[Tutor] How can I have type "function" in my script?

[xancorreu]

Al 07/05/12 21:07, En/na Dave Angel ha escrit:
> On 05/07/2012 02:24 PM, xancorreu wrote:
>> Hi,
>>
>> I have this script:
>>
>> from types import *
>>
> Bad idea.  Once you do that, you can silently overwrite globals in your
> own module with stuff that the current version of types happens to have
> in it.  Besides, it then becomes very hard to read your program and
> figure out which names you really did want to import.
>
> If you're just getting one or two names, such as in your case, better
> just do
>      import types
>
>> class Tag:
>>
>>      def __init__(self, nom, tipus, valor):
>>          self.nom = nom
>>          self.tipus = tipus
>>          self.valor = valor
>>
>>      def __str__(self):
>>          return "Nom: " + str(self.nom) + ", Tipus: " +
>> str(self.tipus)  + ", Valor: " + str(self.valor)
>>
>>
>> def main():
>>      a = Tag("descripció", str, "primera tasca")
>>      b = Tag("unmes", str, lambda x: x+1)
>>      print(a)
>>      print(b)
>>
>> if __name__ == '__main__':
>>          main()
>>
>>
>> All is ok, but when I substitute b = Tag("unmes", str, lambda x: x+1)
>> for b = Tag("unmes", function, lambda x: x+1) I receive an error that
>> function is not globally defined variable.

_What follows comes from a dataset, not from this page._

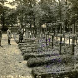 1. Trzech żołnierzy austro-węgierskich przy nagrobkach poległych kolegów na cmentarzu w Kielcach, 1917 r. fot. Jan Ziembiński
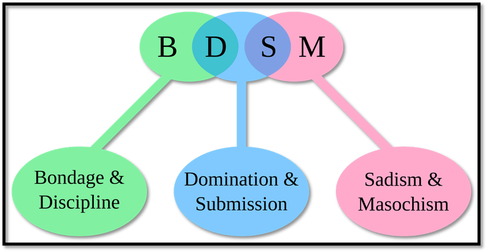 If his misogyny had roots in role-play, so too had his views about BDSM. As McMillan suspects with Nott, the personal preference for this set, in theory, at least of networked practices and interpersonal behaviours (illustrated in the helpful Wikipedia sourced graphic below) may have extended no further than dressing in and sexually playing with leather.

How can I say that function
>> is the types.function? (the type of lambda x: x+1)
>>
> Where's the stack trace and the exact error message?
>
> types.function is undefined.  The types module does not expose a name
> called 'function,' at least not in python 3.2
>
> The type of a lambda is<class 'function'>, so it's not clear what you
> really want.
>
> Why don't you show the program as you actually run it (perhaps with both
> versions of the b= assignment), and the output and stack trace you got.
> Then explain just what you'd hoped to get, as output.
>

This is the code:

class Tag:

     def __init__(self, nom, tipus, valor):
         self.nom = nom
         self.tipus = tipus
         self.valor = valor

     def __str__(self):
         return "Nom: " + str(self.nom) + ", Tipus: " + str(self.tipus)  
+ ", Valor: " + str(self.valor)

class Task:
     _nombre = 0

     def __init__(self):
         self.tags = []
         Task._nombre = Task._nombre + 1
         self.num = Task._nombre


     def __str__(self):
         return "Número: " + str(self.num) + ", Tags: " + str(self.tags)

def main():
     a = Tag("descripció", str, "primera tasca")
     b = Tag("unmes", str, lambda x: x+1)
     c = Tag("twice", type(lambda: x: x), lambda x: 2*x)
     # en comptes de str ha de ser lambda
     print(a)
     print(b)
     print(b.valor(2))
     t = Task()
     print("Tasca 1:", t)
     t2 = Task()
     print("Tasca 2:", t2)

if __name__ == '__main__':
         main()


and it fails here:

$ python3 tasques.py
   File "tasques.py", line 26
     c = Tag("twice", type(lambda: x: x), lambda x: 2*x)
                                    ^
SyntaxError: invalid syntax


Really, I want to specify "manually" the type of lambda, but it does not 
work. How to do that?


Thanks,

>> I use python3
>>
>>
>> Thanks in advance,
>> Xan.